Excerpted data →
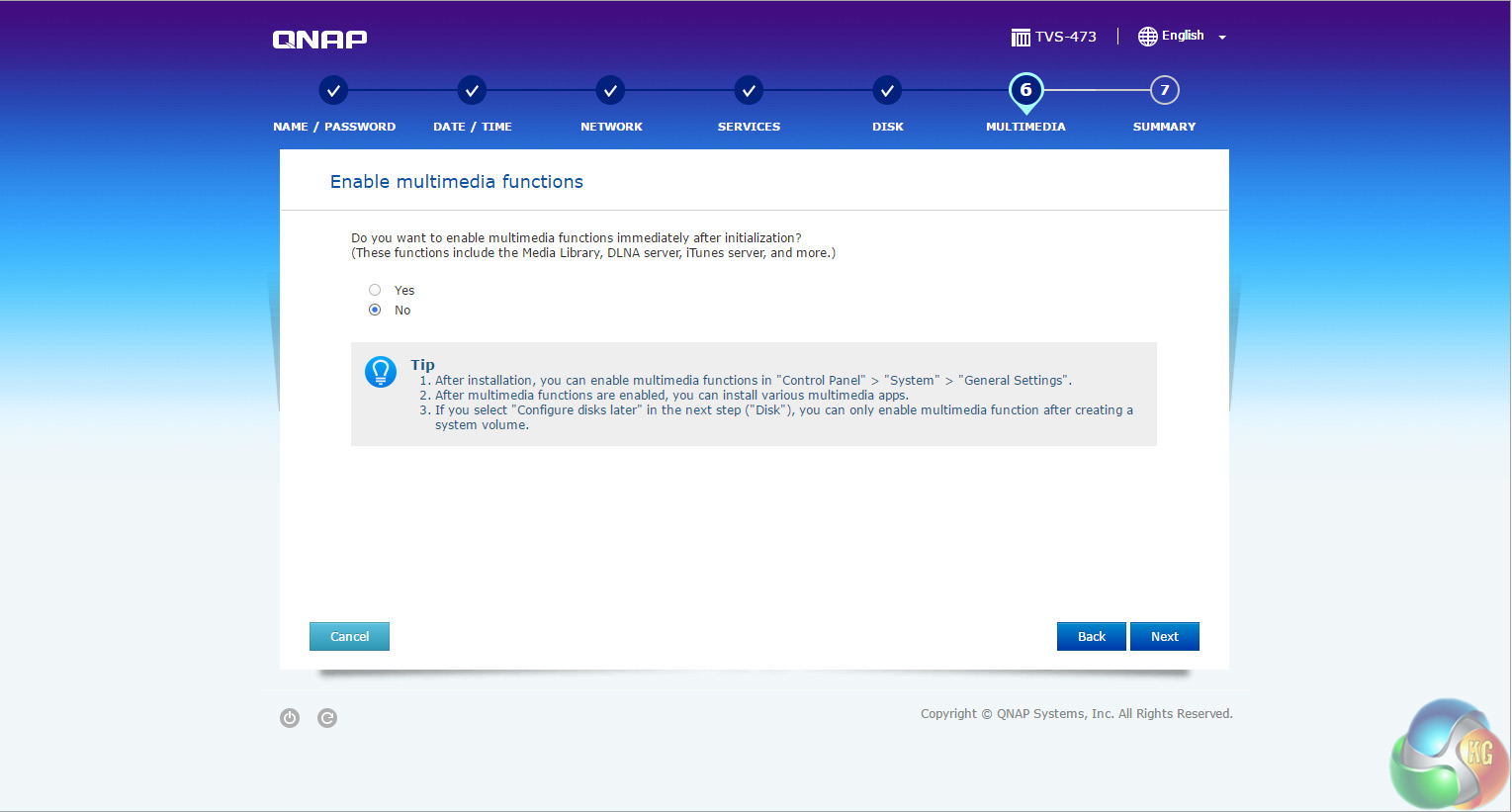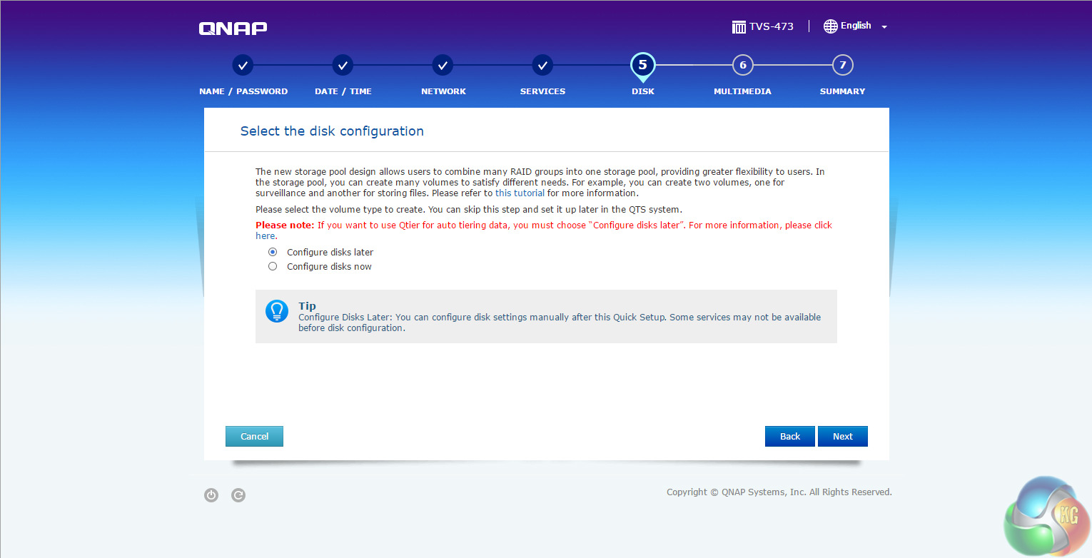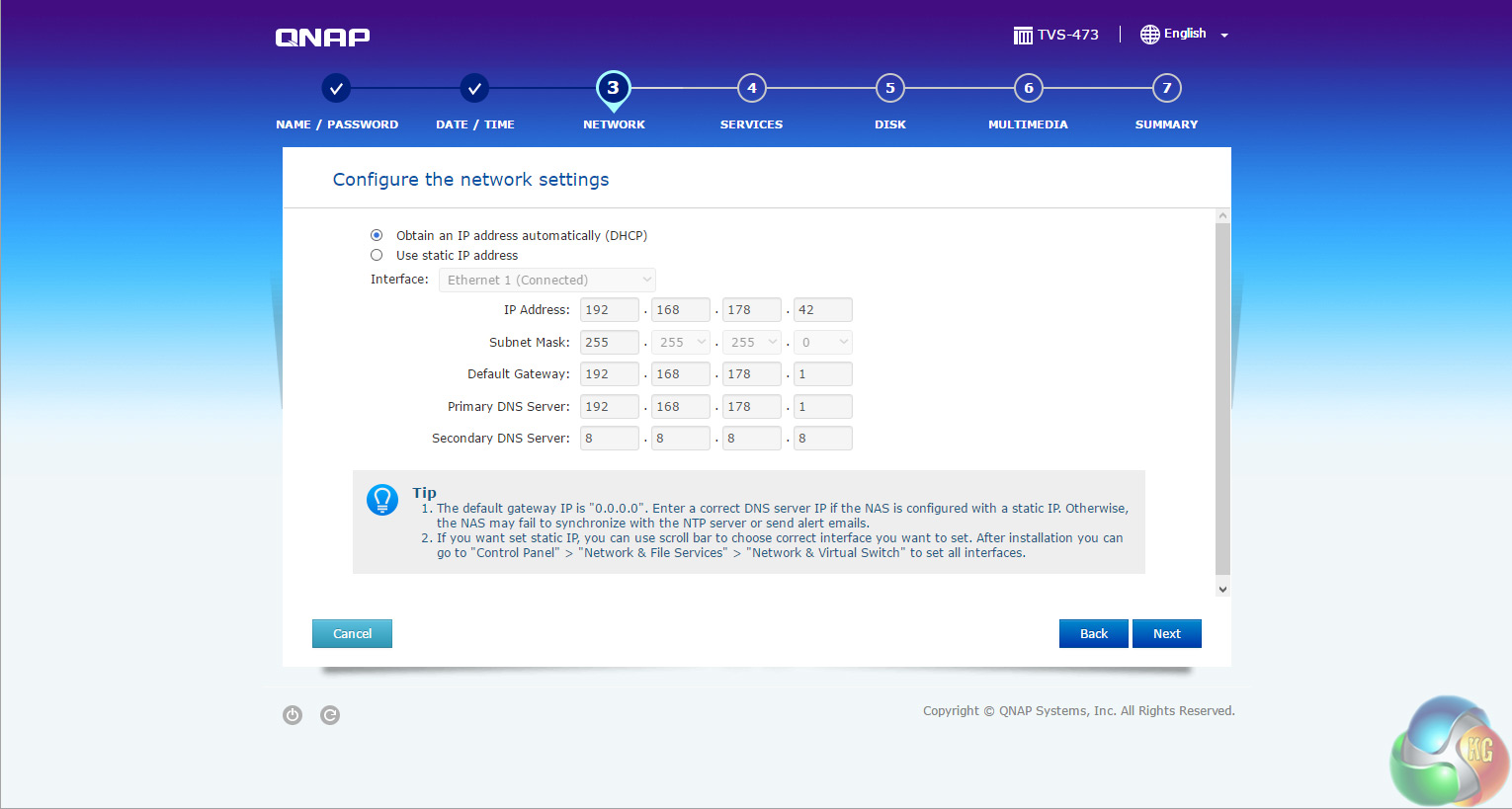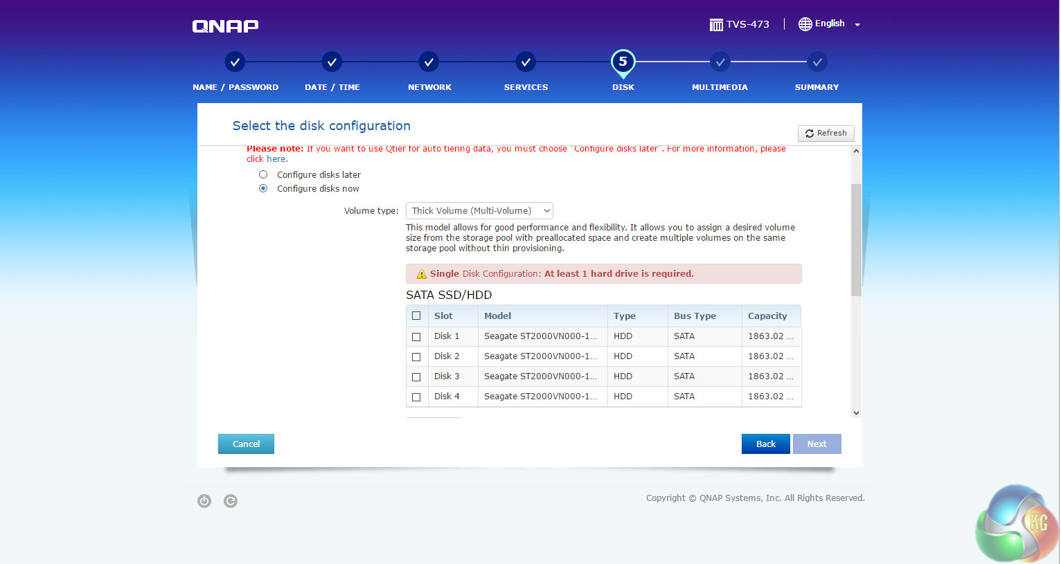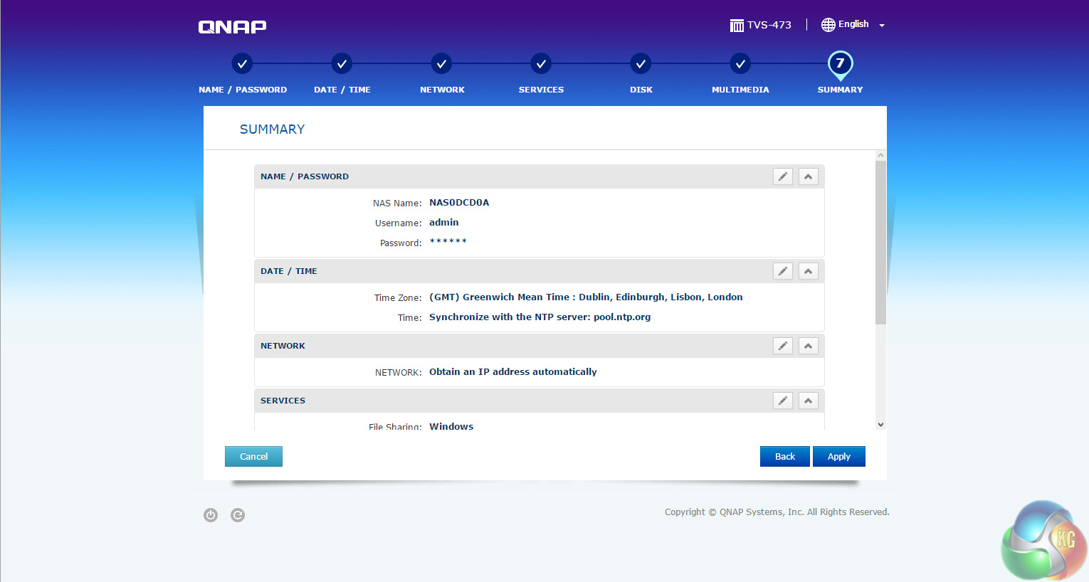 There are two ways of setting up a QNAP NAS either online by entering the Cloud key which is on the side of the unit or by using QNAP’s Qfinder Pro utility. Its then a matter of following the install wizard to get the NAS ready for use.
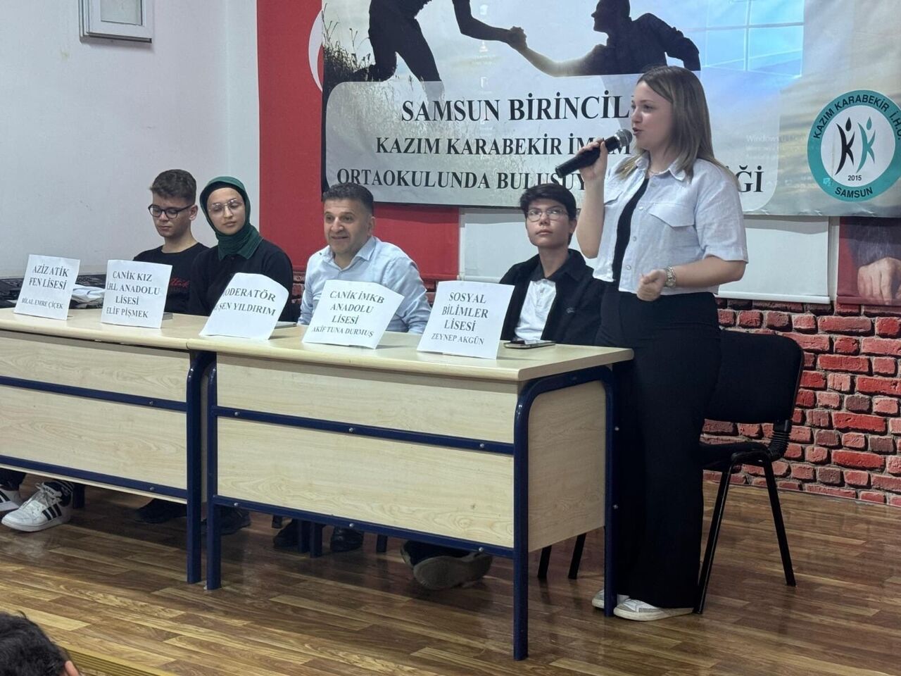 Samsun/İlkadım Kazım Karabekir İmam Hatip Ortaokulunda hayata geçirilen "Biz Kazandık Sıra Sizde" projesi, eğitimde akran öğretiminin gücünü gözler önüne seriyor. Milli Eğitim Bakanlığı Din Öğretimi Genel Müdürlüğü'nün "HEDEF 2025 Lise Giriş Sınav Projesi" kapsamında, Kazım Karabekir İmam Hatip Ortaokulu Rehberlik Servisi'nden Rehber Öğretmeni Ruşen Yıldırım tarafından hazırlanan bu proje, LGS'de başarı elde eden ve liseye birinci sırada yerleşen öğrencileri, ortaokul öğrencileriyle bir araya getirerek deneyim paylaşımını teşvik ediyor. Etkinlikte, İlkadım Aziz Atik Fen Lisesi 11. Sınıf öğrencisi Bilal Emre, Canik İMKB Anadolu Lisesi Akif Tuna Durmuş, Canik Kız İmam Hatip Lisesi Elif Pişmek ve Sosyal Bilimler Lisesi'nden Zeynep Akgün, LGS 11. sınıf okul birincisi öğrenciler, LGS'ye hazırlanan 8. sınıf öğrencileriyle buluştu. Bu buluşmada, öğrenciler kendi liselerini tanıttı, başarı hikayelerini paylaştı ve gelecekteki hedefleri hakkında bilgi verdi.
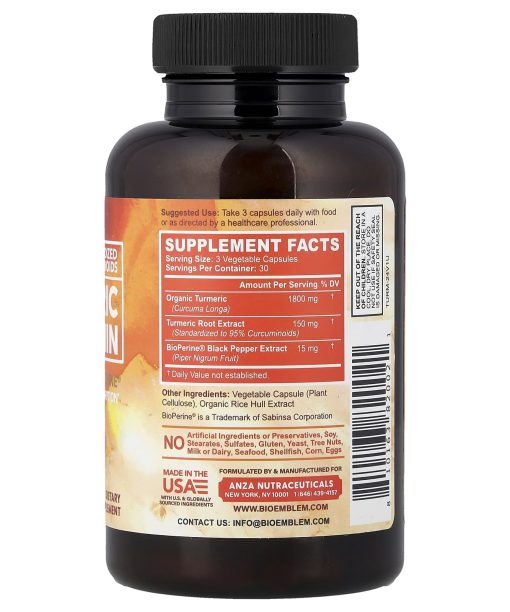 Non GMO95% Standardized Curcuminoids1950 mgWith Bioperine® For Enhanced AbsorptionDietary SupplementLab TestedcGMP Certified FacilityGluten FreeVeganHelps SupportJoint HealthHeart HealthCognitive FunctionAntioxidant ActivityImmune SystemInflammation ResponseThe BioEmblem MantraNature’s best ingredients in mindfully crafted formulas for a more radiant life.
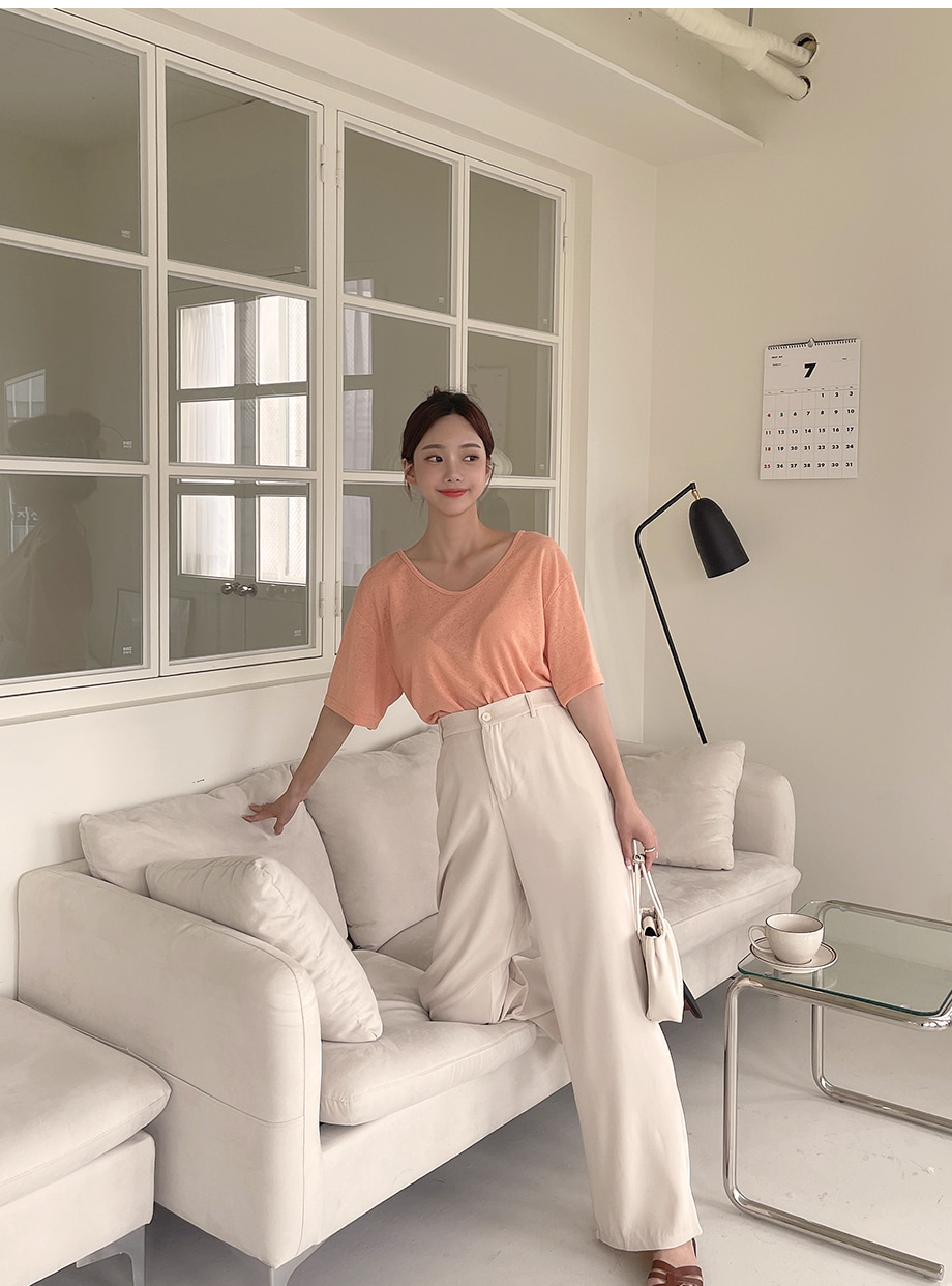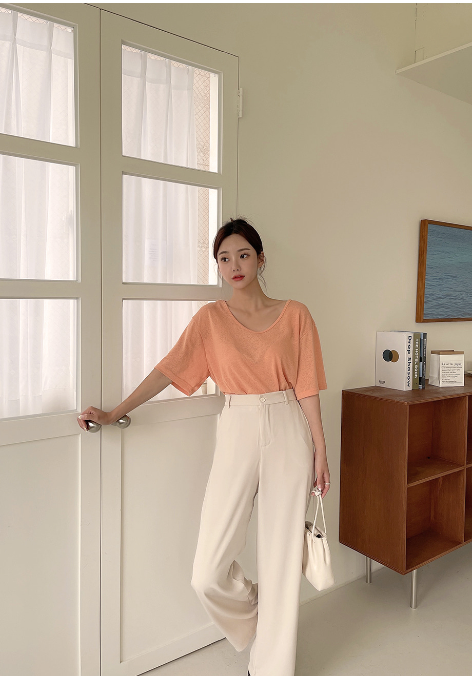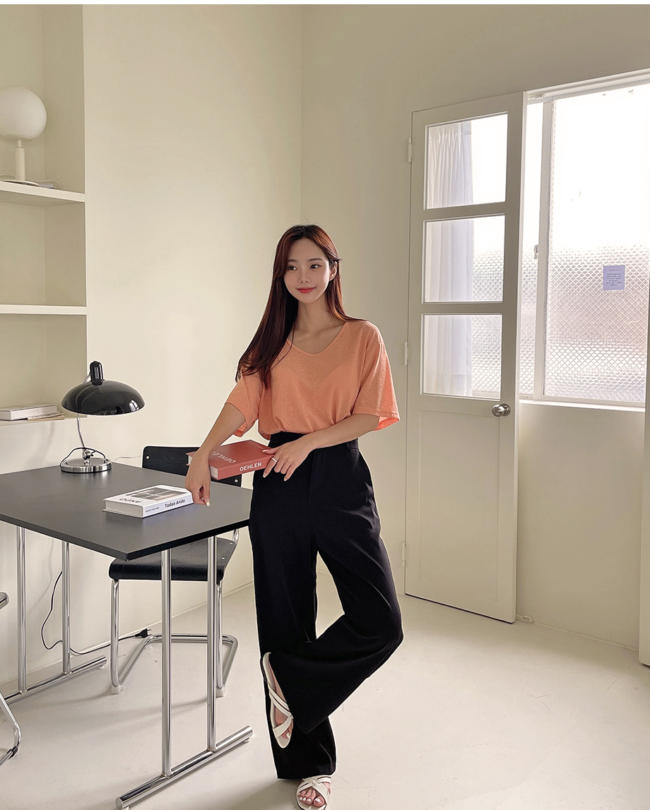 ririnco - [숏/기본/롱] 로스빈 뒷밴딩 와이드 슬랙스 팬츠♡韓國女裝褲
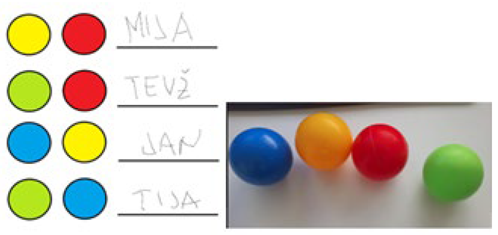| Dialogue 1 | The children look for combinations of two colors of balls out of four. |
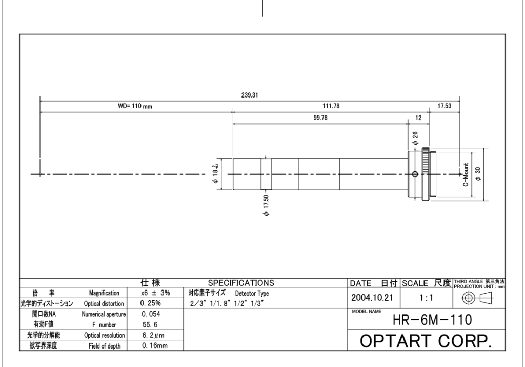 用于2/3”探测器的6x远心镜头,工作距离110mm。

Work order → Before writing out the material above, please remove its pictures; everything else stays exact.

Response area →
 There are two ways of setting up a QNAP NAS either online by entering the Cloud key which is on the side of the unit or by using QNAP’s Qfinder Pro utility. Its then a matter of following the install wizard to get the NAS ready for use.
 Samsun/İlkadım Kazım Karabekir İmam Hatip Ortaokulunda hayata geçirilen "Biz Kazandık Sıra Sizde" projesi, eğitimde akran öğretiminin gücünü gözler önüne seriyor. Milli Eğitim Bakanlığı Din Öğretimi Genel Müdürlüğü'nün "HEDEF 2025 Lise Giriş Sınav Projesi" kapsamında, Kazım Karabekir İmam Hatip Ortaokulu Rehberlik Servisi'nden Rehber Öğretmeni Ruşen Yıldırım tarafından hazırlanan bu proje, LGS'de başarı elde eden ve liseye birinci sırada yerleşen öğrencileri, ortaokul öğrencileriyle bir araya getirerek deneyim paylaşımını teşvik ediyor. Etkinlikte, İlkadım Aziz Atik Fen Lisesi 11. Sınıf öğrencisi Bilal Emre, Canik İMKB Anadolu Lisesi Akif Tuna Durmuş, Canik Kız İmam Hatip Lisesi Elif Pişmek ve Sosyal Bilimler Lisesi'nden Zeynep Akgün, LGS 11. sınıf okul birincisi öğrenciler, LGS'ye hazırlanan 8. sınıf öğrencileriyle buluştu. Bu buluşmada, öğrenciler kendi liselerini tanıttı, başarı hikayelerini paylaştı ve gelecekteki hedefleri hakkında bilgi verdi.
 Non GMO95% Standardized Curcuminoids1950 mgWith Bioperine® For Enhanced AbsorptionDietary SupplementLab TestedcGMP Certified FacilityGluten FreeVeganHelps SupportJoint HealthHeart HealthCognitive FunctionAntioxidant ActivityImmune SystemInflammation ResponseThe BioEmblem MantraNature’s best ingredients in mindfully crafted formulas for a more radiant life.
 ririnco - [숏/기본/롱] 로스빈 뒷밴딩 와이드 슬랙스 팬츠♡韓國女裝褲
| Dialogue 1 | The children look for combinations of two colors of balls out of four. |
 用于2/3”探测器的6x远心镜头,工作距离110mm。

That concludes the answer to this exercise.